Soy muy traidor a mi pasado, quizá porque me esfuerzo en ser fiel a quien soy en cada momento, aunque no tenga ni idea de qué coño puede querer significar esto, más allá de una elaborada justificación de la vergüenza que me hacen sentir estas cosas.

EL RECATO Y SU PÉRDIDA

Mercedes Milá ha enseñado las bragas en la tele. Ella me cae muy mal pero el gesto me parece estupendo. Cómo llega ahí no, porque es quinceañero. Que si te atreves a enseñar las bragas, tía, y como vamos un poco pedo allá voy. No es muy de su edad y a estas alturas ya sabemos que las orgías no empiezan así, como nos las mostraban las pelis de los 70. Será que la Milá no estuvo en ninguna orgía o que aún es algo adolescente, lo que es más probable. Tan comprometida desde siempre en feminismos y luchas te has perdido esa época de la vida, tía.

La civilización es andar desnudos y vestirse, y cuando se está muy vestido y le parece a uno que está la mar de civilizado y hay calefacción, sacarse la ropa. Estoy convencido de que una sociedad es más civilizada cuanto más en bolas puedan ir las mujeres sin que las acosen o las reprendan. Basta mirar al otro lado del mediterráneo y cómo las visten y se visten. O cómo se ponían por aquí hace unas décadas Alfredo Landa (QEPD) y coetáneos. Mas o menos que cuando lo del sexo se normaliza un poco y nos relajamos y asumimos que también y ante todo somos animales, empezamos a hablarnos y tratarnos como personas.

La Milá anda caliente y se presta al asunto, y las dos cosas están la mar de bien y a nadie escandalizan ya. El sexo no es malo, a las mujeres les gusta tanto como a los hombres, ella es una mujer, el dinero y el cachondeo molan.
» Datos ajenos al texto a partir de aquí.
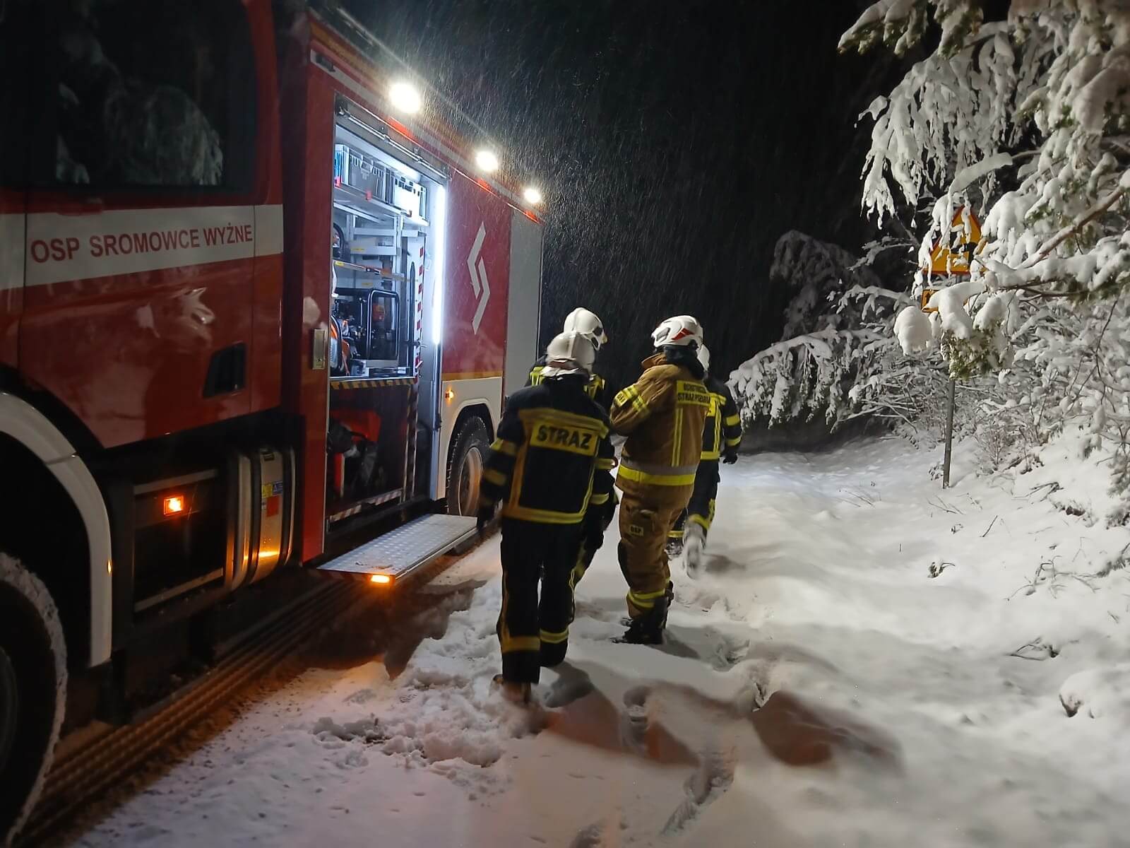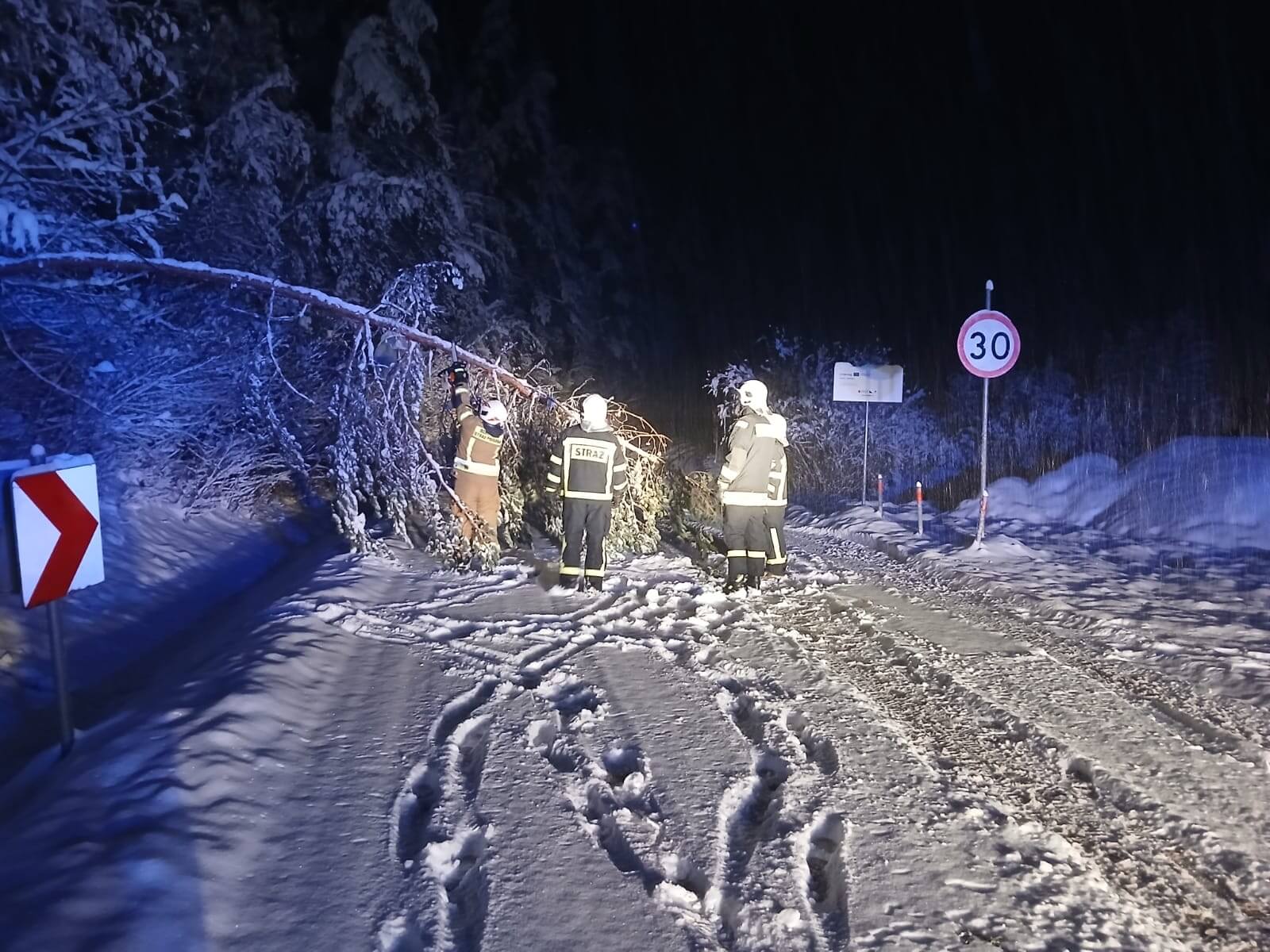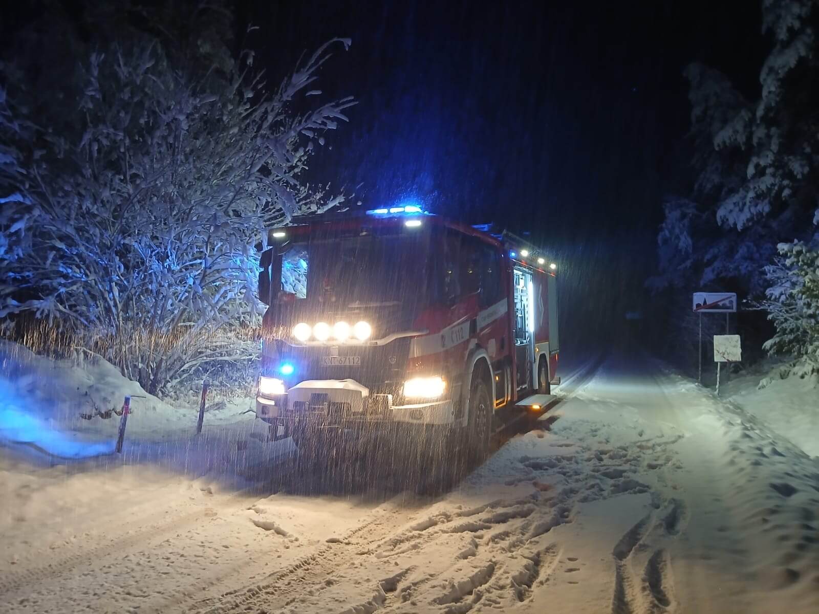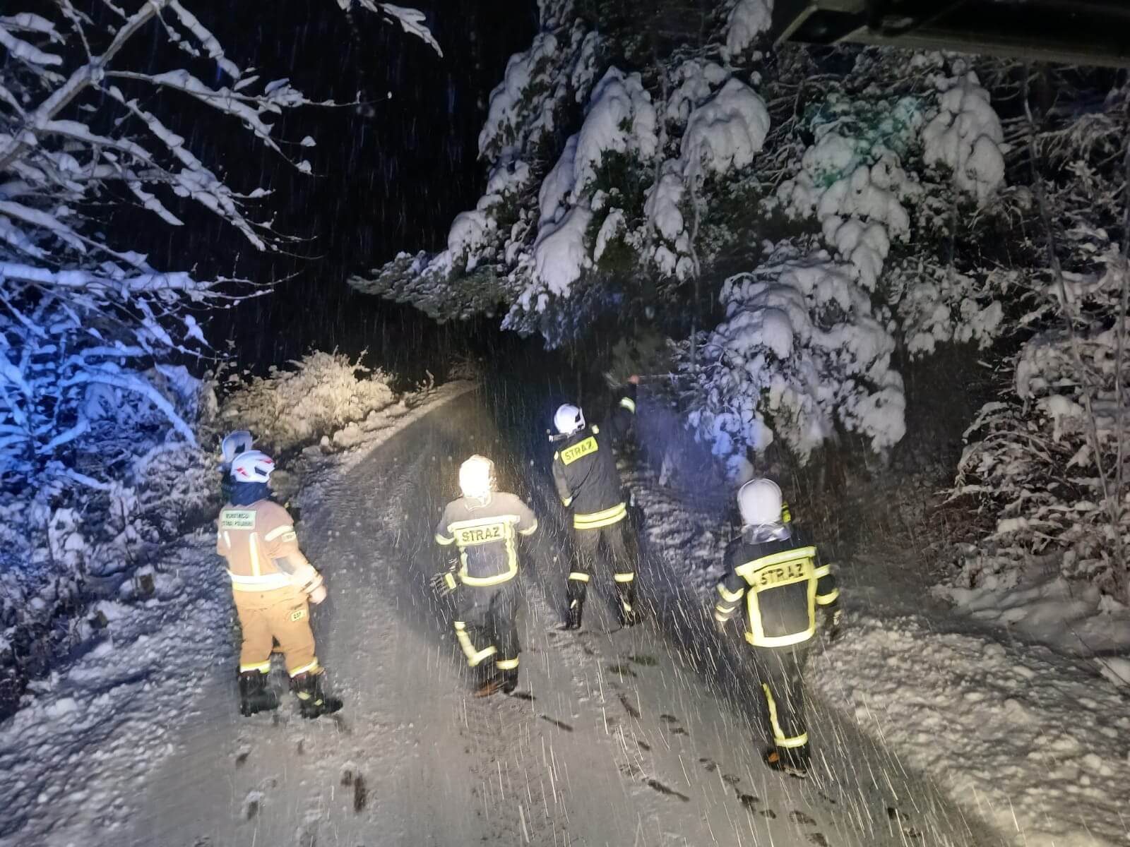 W zeszłym tygodniu dotarła do nas zima z intensywnymi opadami śniegu. Mokry i ciężki śnieg łamał przydrożne drzewa blokując przejazd na drodze powiatowej. Byliśmy dwukrotnie wzywani do usunięcia połamanych drzew z drogi. Na szczęście żaden z pojazdów poruszających się drogą nie został uszkodzony i nie było osób poszkodowanych.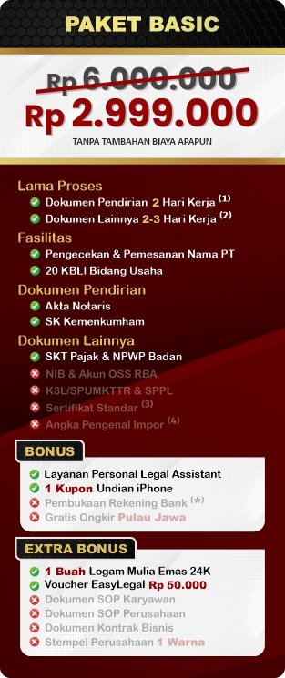Note: Harga berlaku untuk modal dasar ≤ Rp 1 Milyar | ⁽¹⁾ Setelah tanda tangan Minuta Akta | ⁽²⁾ SKT Pajak dikirim oleh KPP dalam 1-3 bulan | ⁽³⁾ Resiko menengah rendah | ⁽⁴⁾ Opsional | ⁽*⁾ Syarat & Ketentuan Berlaku

Todo estupendo y lo digo sin sorna.

Pasa que la seducción tal y como se viene practicando desde hace cientos de años se basa en el pudor de las mujeres. Hay un modelo bien desarrollado sobre el que se asienta toda la cultura. Toda la novela, el cine, las letras de las canciones, la ópera y el teatro. Ahora que andamos tranquilamente en bolas por playas, portadas y platós vemos que nos falta un modelo nuevo que no se funde en el recato y su pérdida.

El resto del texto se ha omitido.